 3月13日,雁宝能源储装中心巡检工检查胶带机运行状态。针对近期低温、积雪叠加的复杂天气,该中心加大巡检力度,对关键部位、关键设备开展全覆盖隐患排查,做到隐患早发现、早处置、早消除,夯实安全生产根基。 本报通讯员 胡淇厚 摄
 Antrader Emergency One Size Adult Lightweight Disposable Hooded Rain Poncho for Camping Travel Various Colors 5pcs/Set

______

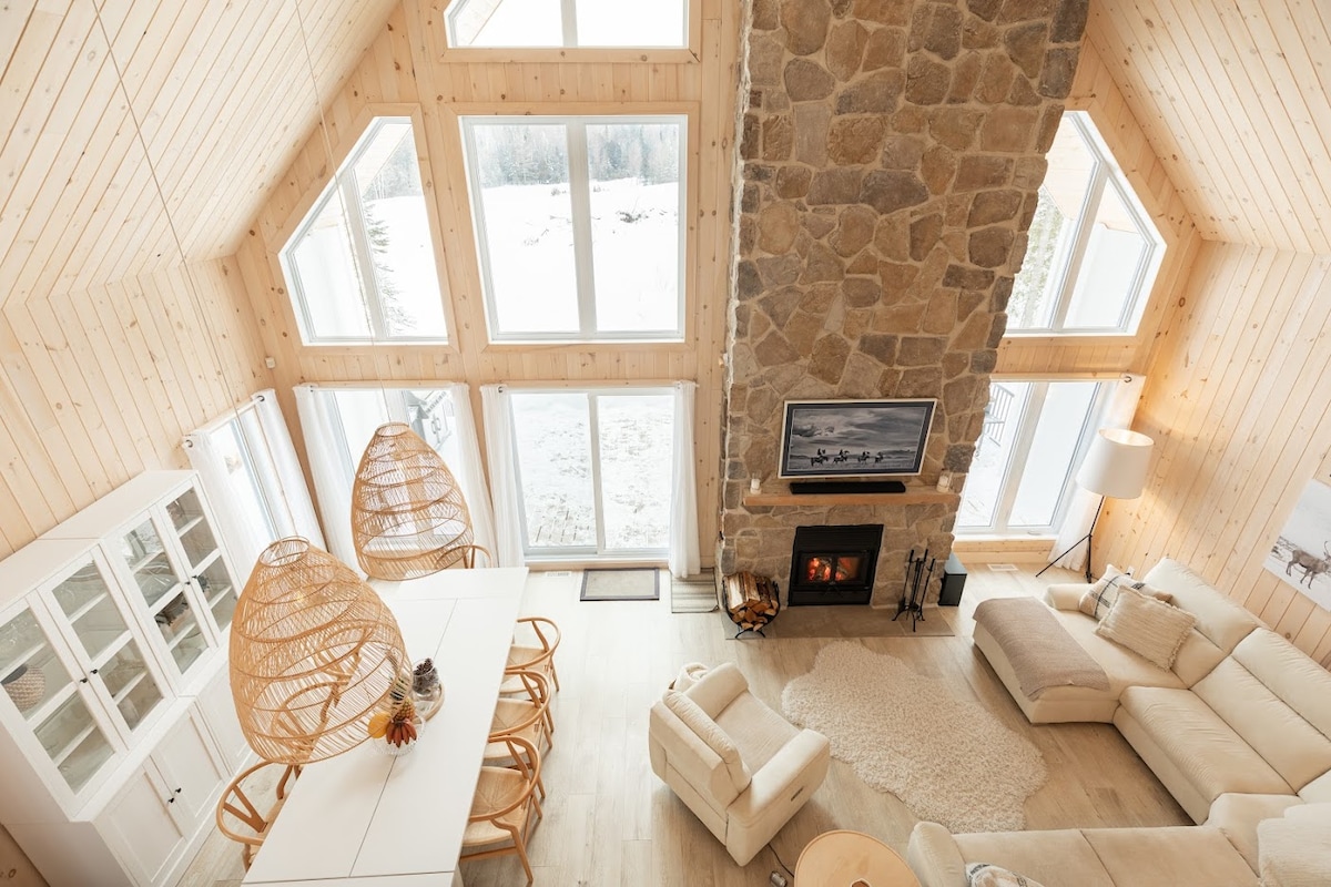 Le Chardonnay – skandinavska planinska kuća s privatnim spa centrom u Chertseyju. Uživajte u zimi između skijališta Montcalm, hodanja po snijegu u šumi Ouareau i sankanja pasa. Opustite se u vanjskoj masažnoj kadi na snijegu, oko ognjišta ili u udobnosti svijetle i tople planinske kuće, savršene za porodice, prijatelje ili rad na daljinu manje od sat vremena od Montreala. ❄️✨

______

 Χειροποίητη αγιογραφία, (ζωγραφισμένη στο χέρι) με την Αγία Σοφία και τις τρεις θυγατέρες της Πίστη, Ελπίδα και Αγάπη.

______

Try it:
Output exactly the lines of the material above from the one containing "本报通讯员 胡淇厚 摄" up to and including the one containing "Antrader Emergency One".

Task response:
 3月13日,雁宝能源储装中心巡检工检查胶带机运行状态。针对近期低温、积雪叠加的复杂天气,该中心加大巡检力度,对关键部位、关键设备开展全覆盖隐患排查,做到隐患早发现、早处置、早消除,夯实安全生产根基。 本报通讯员 胡淇厚 摄
 Antrader Emergency One Size Adult Lightweight Disposable Hooded Rain Poncho for Camping Travel Various Colors 5pcs/Set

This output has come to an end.